This is not a new problem. But it's been vastly exacerbated in the last year or so by a building project that involves filling in a lake with sand, along with forced evictions. Many locals protested the project to the government. The government now drains downtown runoff water into this neighborhood as well. See a connection? It's hard to say, but they think it's to punish the protesters. Brilliant, eh? "It's already flooded. Let's send more water that way." Last year, a high school closed for months in this area because it was under four feet of water. Thousands of residents saw an improvement when the city paused in filling the lake, but now the project has begun again. Japan is helping Cambodia plan an adequate sewage/drainage system for the city, but I have no idea how long that'll take, or how many officials will get rich off the funding.

So, just to recap:
1. Heavy rains => floods
2. Building new developments => filling in a lake => floods and protests
3. Protests => draining other parts of the city here => floods
4. Japanese aid => rich officials and hopefully improved drainage in the future

If my blog is shut down next time you log on, you'll know that Prime Minister Hun Sen found it and that I'm on a plane across the Pacific.

Tuesday, October 20, 2009

Hitler on my kitchen counter

Can you identify the golden-brown object in the center of this photograph?
Read on for the answer.

Because Logos provided us with many dishes and utensils before we moved in, it took us a while to notice it on the kitchen counter. By the time I arrived on July 25, Sarah had been there for several days to get set up, and both of us never thought about it. One day, though, Sarah approached me.
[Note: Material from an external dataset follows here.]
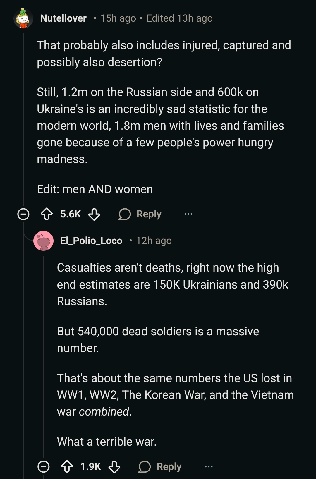 >>527233934The numbers are from up to end of 2024, a year ago, they claim something like 1.3 million dead and 4 million casualties now.

"So I was looking at our neighbors' balcony," she commented, "and they have a tiny wooden house on it."

"Oh, really?"

"It looks kind of like our little house, but it has incense in it. Do you think it could be...?"

Oh, dear, I think she's right. I had just noticed it for the first time that week, because Sarah had started to leave her keys on top of it. Brilliant!, I thought, you'd never lose them that way. I hadn't thought about its intended purpose, though, except maybe as a souvenir. Wow, I felt slow.

"I can't believe I've been leaving my keys on the spirit house!" Sarah groaned. "What must the neighbors have thought, if they noticed it through the glass door? What should we do with it?"

We knew that most Buddhist families had some kind of spirit house inside to honor their ancestors, similar to the shrines we'd seen outside, but we'd never seen a spirit house. We concluded that since Logos wouldn't have bought it for us, it must have been a housewarming gift from our landlords. One which we had obviously failed to properly respect. But did it deserve our respect? Or is it creepy, even dangerous, to have a home for whatever spirits drop by, sitting right on your kitchen counter?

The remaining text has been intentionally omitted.